En l’espèce, au regard du montant de la créance et des revenus de M. [I] [X], celui-ci n’apparaît pas en mesure de faire face au paiement de la créance, échelonnée, augmentée du paiement de l’indemnité d’occupation courante. Sa demande sera donc rejetée.
Sur les demandes accessoires
M. [I] [X] qui succombe à l’instance, sera condamné aux dépens.
L’équité commande de ne pas faire droit à la demande de la société Unicil au titre de l’article 700 du code de procédure civile.

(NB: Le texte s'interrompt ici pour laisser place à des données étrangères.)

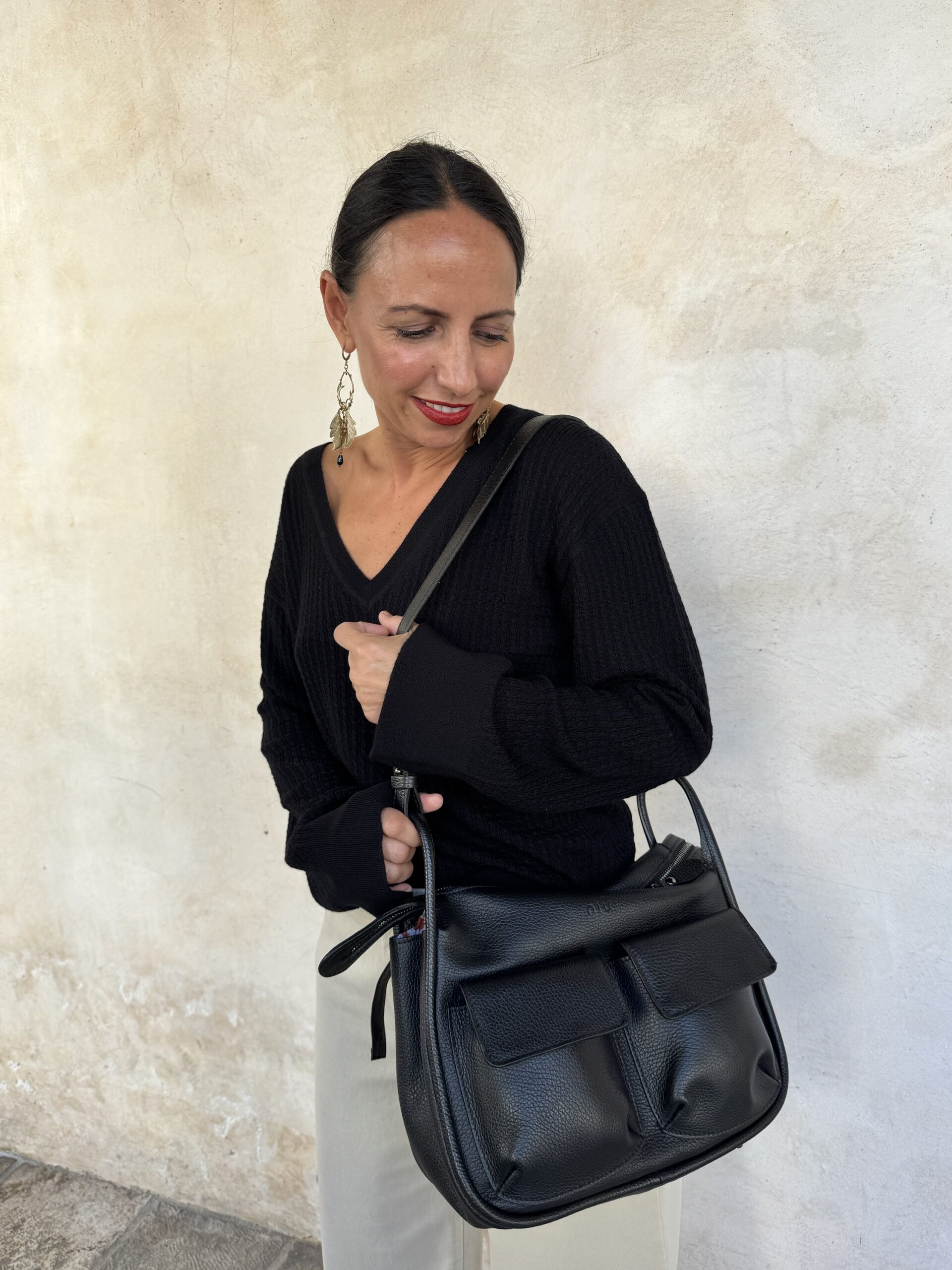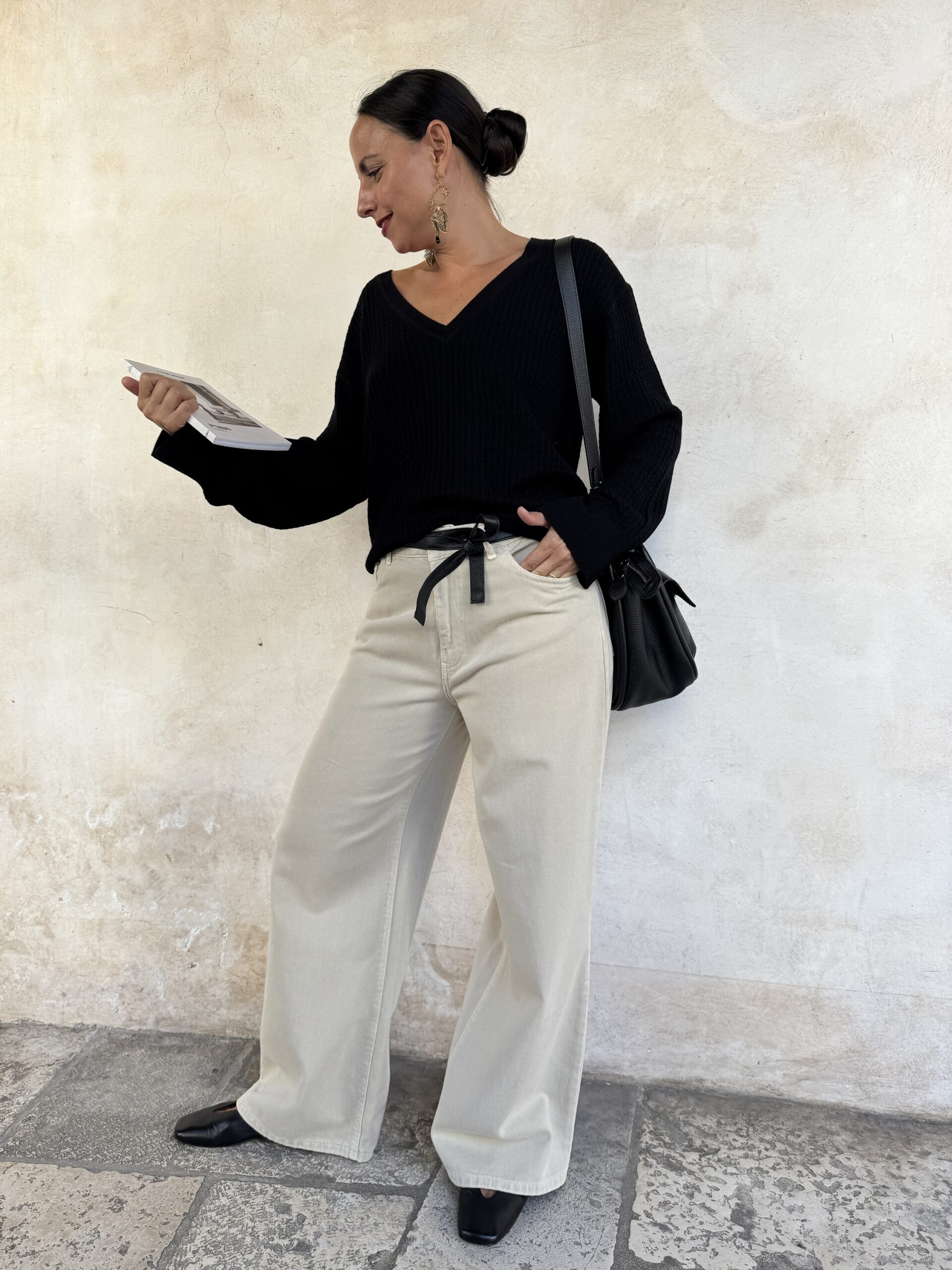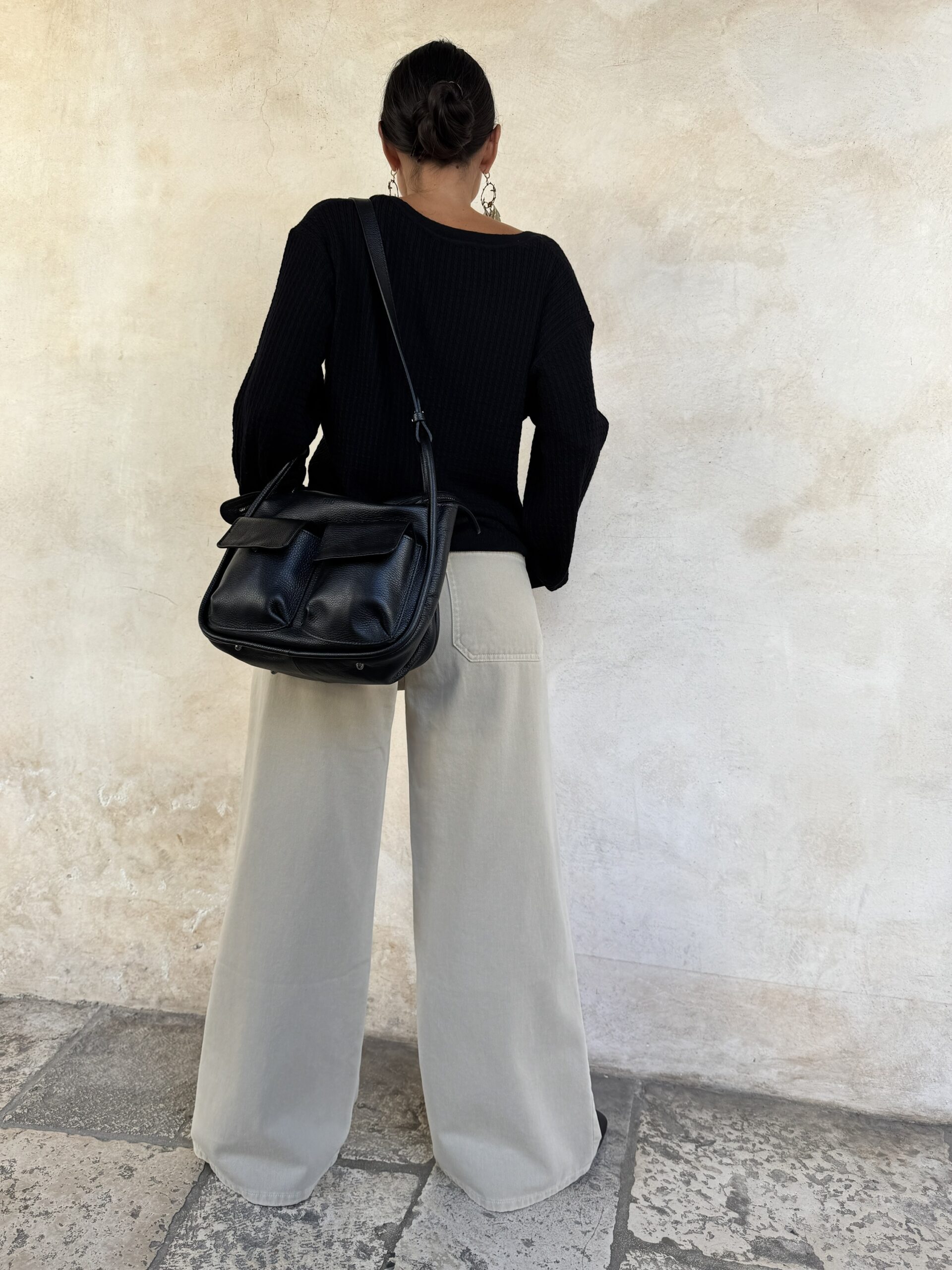 – Maglia dalla linea morbida e vestibilità abbondante.

Aucune circonstance ne justifie d’écarter l’exécution provisoire.
PAR CES MOTIFS
La juge des contentieux de la protection, statuant après débats en audience publique, par jugement contradictoire rendu en premier ressort :
Déclare M. [I] [X] occupant sans droit ni titre de l’appartement [Adresse 3] ;
Ordonne à M. [I] [X] de libérer les lieux situés [Adresse 3] dès la signification de la présente décision et à défaut ordonne l’expulsion de M. [I] [X] ainsi que celle de tous occupants de son chef, au besoin avec le concours de la force publique, des lieux occupés sans droit ni titre situé [Adresse 3] sans application du délai de deux mois prévu à l’article L 412-1du code des procédures civiles d’exécution ;
Dit que le sort des meubles sera régi conformément aux dispositions des articles L. 433-1 et L. 433-2 du code des procédures civiles d’exécution ;
Ordonne la suppression du délai prévu à l’article L. 412-1 du code des procédures civiles ;
Déboute la société Unicil de sa demande de suppression du sursis prévu par l’article L.412-6 du code des procédures civiles d’exécution et de sa demande d’astreinte;
Condamne M. [I] [X] à payer à la société Unicil une indemnité d’occupation mensuelle égale au loyer et aux charges qui auraient été dus en cas de poursuite du bail, soit la somme de 261,74 euros;
Dit que cette indemnité d’occupation, qui se substitue au loyer dès la présente décision, est payable et indexée dans les mêmes conditions que l’étaient le loyer et les charges, jusqu’à libération effective des lieux et remise des clés à la société Unicil ou à son mandataire ;
Condamne M. [I] [X] à payer à la société Unicil la somme de 10.081,64 euros, selon décompte arrêté au 31 août 2025, terme d’août inclus, avec intérêts au taux légal à compter de la présente décision ;
Condamne M. [I] [X] aux dépens ;
Déboute la société Unicil de sa demande au titre de l’article 700 du code de procédure civile ;
Rappelle que le présent jugement est assorti de l’exécution provisoire de droit ;
AINSI ORDONNE ET PRONONCE LES JOURS, MOIS ET AN CI-DESSUS.